Another claim put out by the campaign was that Dominion Voting Systems had thrown out millions of votes for Donald Trump. This seems to stem from a report from One American News Network (OANN), a far-right media outlet, that claimed to have a report from Edison Research that stated that 2.7 million votes were deleted for Trump.  When reached for comment the president of Edison Research said they filed no such report.  There was also the claim that Sharpie pens would bleed through voting ballets causing those votes to be thrown out, but this was also proven to be false.  This did not stop President Trump from tweeting about the report, despite a lack of hard evidence to support the claim.  One of his lawyers, Sidney Powell, also latched onto the conspiracy, adding to the original claim by saying that Dominion was connected to former Venezuelan dictator Hugo Chavez.  This and several other claims about the company and their machines, including the ones already listed, were debunked by the company themselves.
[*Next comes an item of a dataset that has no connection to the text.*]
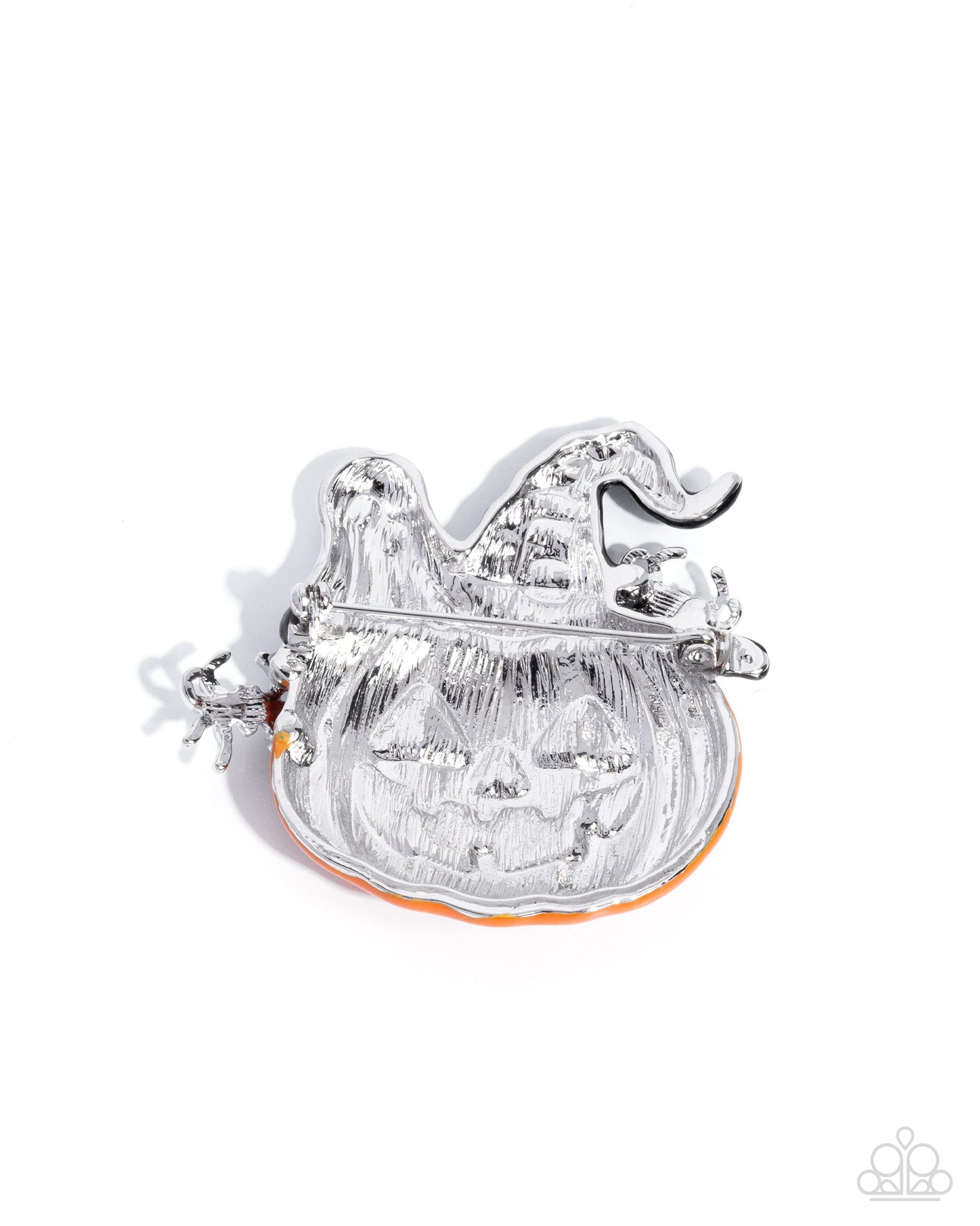 Historic Halloween - Orange Pumpkin Ghost Halloween Brooch - Paparazzi #P7BR-OGXX-021XX

One theory was boosted by Fox News’ Tucker Carlson who put out a list of “dead voters.” This almost immediately came back as a false claim when several outlets went and found the supposedly deceased voters.  The most high-profile of these being a claim that Mr. James Blalock had cast a mail-in ballot despite being deceased for 14-years.  In fact, Mr. James Blalock did not vote in the 2020 election, Mrs. James Blalock, his widow, cast a vote under her married name.  Tucker Carlson did offer a retraction of his statement, and said they were given false information.

No article about conspiracy theories in 2020 would be complete without a mention of QAnon.  Due to the graphic nature of the theory itself, we will not go into the details of the theory, but in summary, the theory, states that a global cabal of “deep state, Satanist” operatives are kidnapping children for nefarious purposes.  This information is provided by an anonymous source who claims to be a White House official who goes by the name “Q”.  Q provides their followers with “Q-drops,” which are riddles meant to be solved by the community on the website previously known as “Four-Chan.”  While they started on the obscure corners of the Internet, they have recently become mainstream during the 2020 election, even going so far as to highjack the hashtag “Save the Children,” making a hashtag had been used to promote anti-human trafficking causes into a signal boost for QAnon conspiracy theorists.  Several crimes have been committed by the followers of this conspiracy and the FBI has listed it as a domestic terrorism threat.  When asked for comment about what he thought of QAnon supporters, the president simply said, “I heard these are people who love our country.”